Sound like you? Then you've just passed Step 1! Proceed to Step 2.
Step 2: To be eligible, you must be able to answer "yes" to all of the following questions:
- Do your neighbors litter the hallway with garbage, decaying food, cigar butts and urine?
- Do your neighbors continually spit in the same exact location on the stairwell making a giant puddle of phlegm to slip on when descending the staircase?
- Do your neighbors shotgun weed smoke underneath the front door?
- Do your neighbors play music that is so bad and so loud for so long that it makes you consider putting all of these kittens in a sack and drowning them in a vat of battery acid and then making Christmas ornaments from their bones?
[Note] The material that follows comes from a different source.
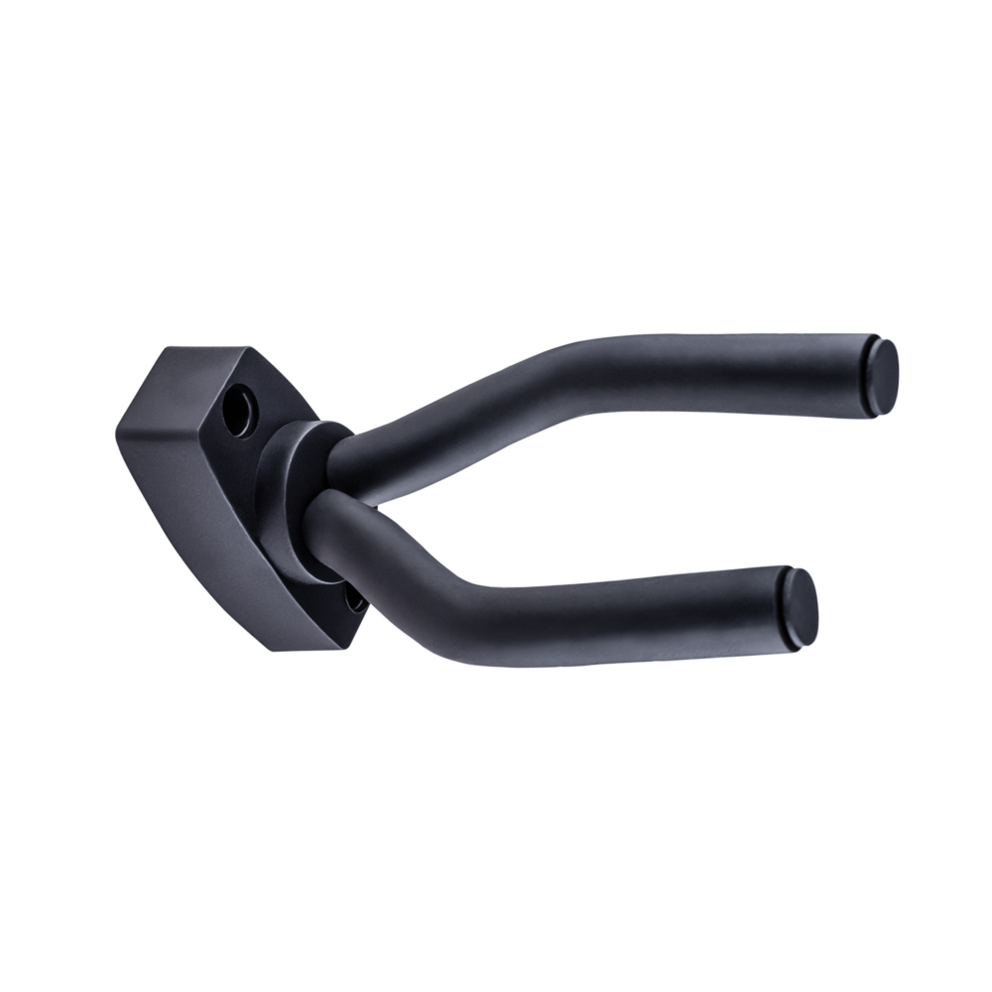 Універсальний та компактний настінний тримач для гітари. Пластикова конструкція та протектори з м'якої гуми. 2 рухомі частини, що дозволяють регулювати ширину.

- Do your neighbors' displays of idiocy cause you to pray to God for strength even though you're an atheist?
If you were able to answer "yes" to all of these questions, way to go! You're still in the running to win the I Have the Worst Neighbors Ever award. Continue to Step 3.
Take a look at yourself in the mirror. A good, hard look. Are there dark circles under your eyes from lack of sleep? Do you no longer recognize the disheveled face with unwashed hair staring back at you which questions, "Why did you move us into this abyss of suck which is worse than a clown's nightmare?" If so, draw what you see. If it resembles anything close to this...
Then consider yourself an official finalist! All submissions will be reviewed by our panelists** here at I Have the Worst Neighbors Ever and the winner will be contacted via a snow white flying unicorn which will relocate them to a dwelling place where people aren't absolute f*cking morons.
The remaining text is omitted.